Material provided section start
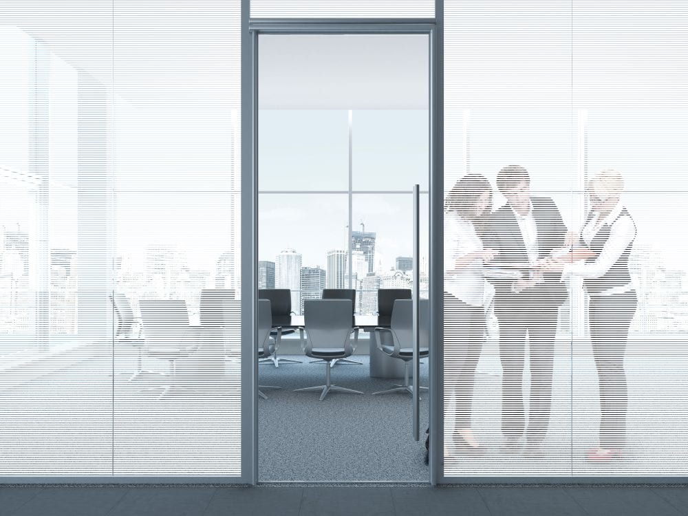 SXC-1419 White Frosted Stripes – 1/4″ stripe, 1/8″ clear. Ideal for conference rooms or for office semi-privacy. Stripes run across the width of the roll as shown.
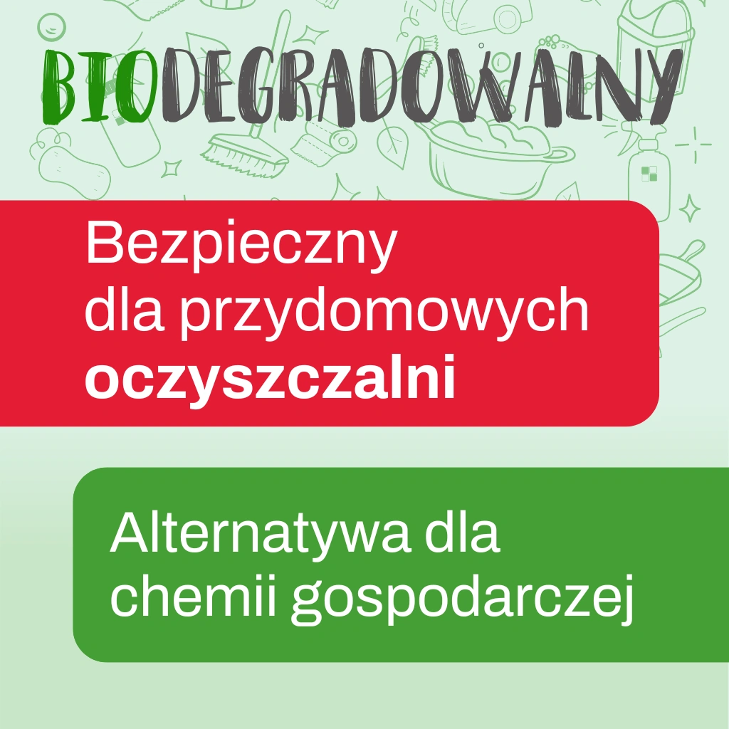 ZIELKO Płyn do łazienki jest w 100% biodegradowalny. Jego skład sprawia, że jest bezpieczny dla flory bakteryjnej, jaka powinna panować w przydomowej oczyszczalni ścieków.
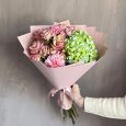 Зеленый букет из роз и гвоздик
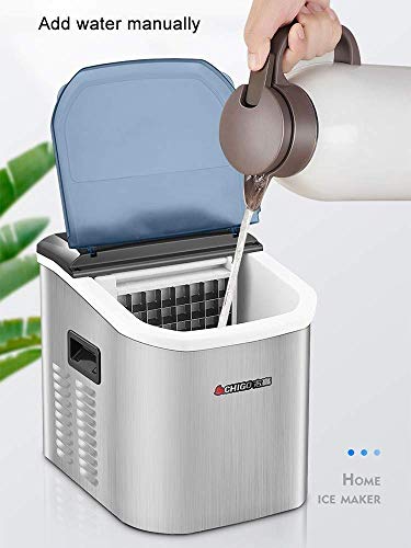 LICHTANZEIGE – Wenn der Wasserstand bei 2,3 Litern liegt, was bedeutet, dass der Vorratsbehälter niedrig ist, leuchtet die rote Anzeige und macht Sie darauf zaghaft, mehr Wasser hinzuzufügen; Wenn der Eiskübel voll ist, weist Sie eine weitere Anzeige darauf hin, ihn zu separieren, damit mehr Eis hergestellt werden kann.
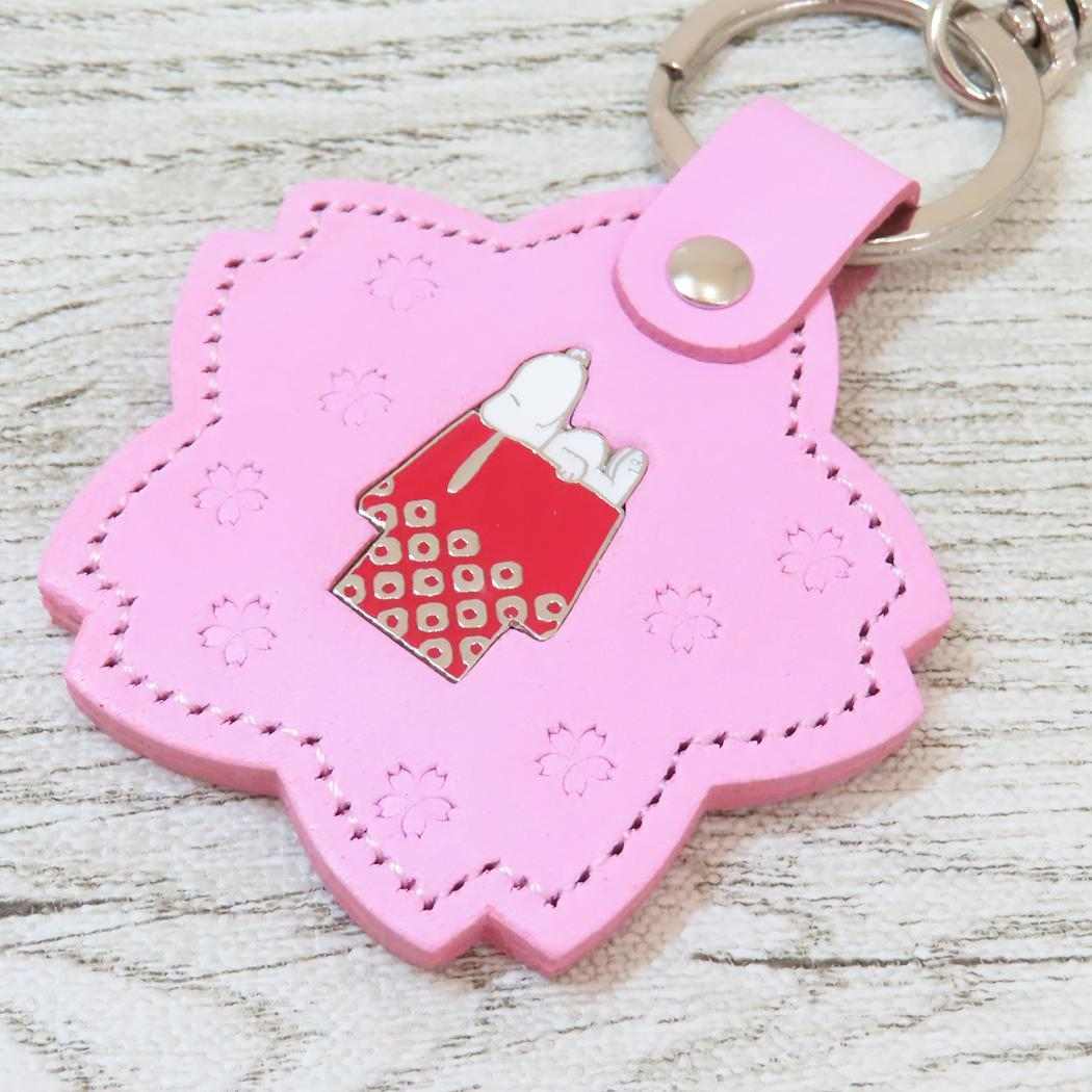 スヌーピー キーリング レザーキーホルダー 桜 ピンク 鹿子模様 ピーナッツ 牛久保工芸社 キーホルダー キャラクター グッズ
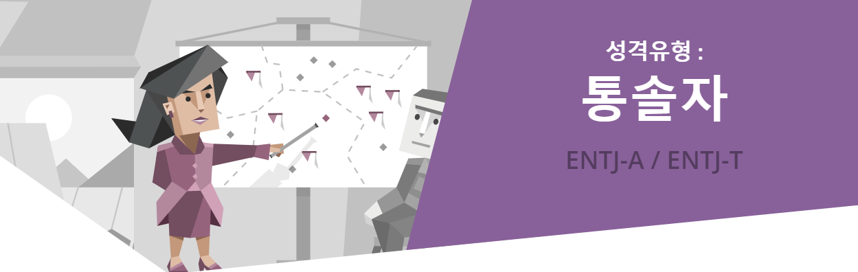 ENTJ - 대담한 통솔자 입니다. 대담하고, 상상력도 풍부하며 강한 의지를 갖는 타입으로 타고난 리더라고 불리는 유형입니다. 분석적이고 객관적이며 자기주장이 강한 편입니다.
Material provided section end
Retype the whole of the data verbatim. Skip every picture.

• Exercise solution:
 SXC-1419 White Frosted Stripes – 1/4″ stripe, 1/8″ clear. Ideal for conference rooms or for office semi-privacy. Stripes run across the width of the roll as shown.
 ZIELKO Płyn do łazienki jest w 100% biodegradowalny. Jego skład sprawia, że jest bezpieczny dla flory bakteryjnej, jaka powinna panować w przydomowej oczyszczalni ścieków.
 Зеленый букет из роз и гвоздик
 LICHTANZEIGE – Wenn der Wasserstand bei 2,3 Litern liegt, was bedeutet, dass der Vorratsbehälter niedrig ist, leuchtet die rote Anzeige und macht Sie darauf zaghaft, mehr Wasser hinzuzufügen; Wenn der Eiskübel voll ist, weist Sie eine weitere Anzeige darauf hin, ihn zu separieren, damit mehr Eis hergestellt werden kann.
 スヌーピー キーリング レザーキーホルダー 桜 ピンク 鹿子模様 ピーナッツ 牛久保工芸社 キーホルダー キャラクター グッズ
 ENTJ - 대담한 통솔자 입니다. 대담하고, 상상력도 풍부하며 강한 의지를 갖는 타입으로 타고난 리더라고 불리는 유형입니다. 분석적이고 객관적이며 자기주장이 강한 편입니다.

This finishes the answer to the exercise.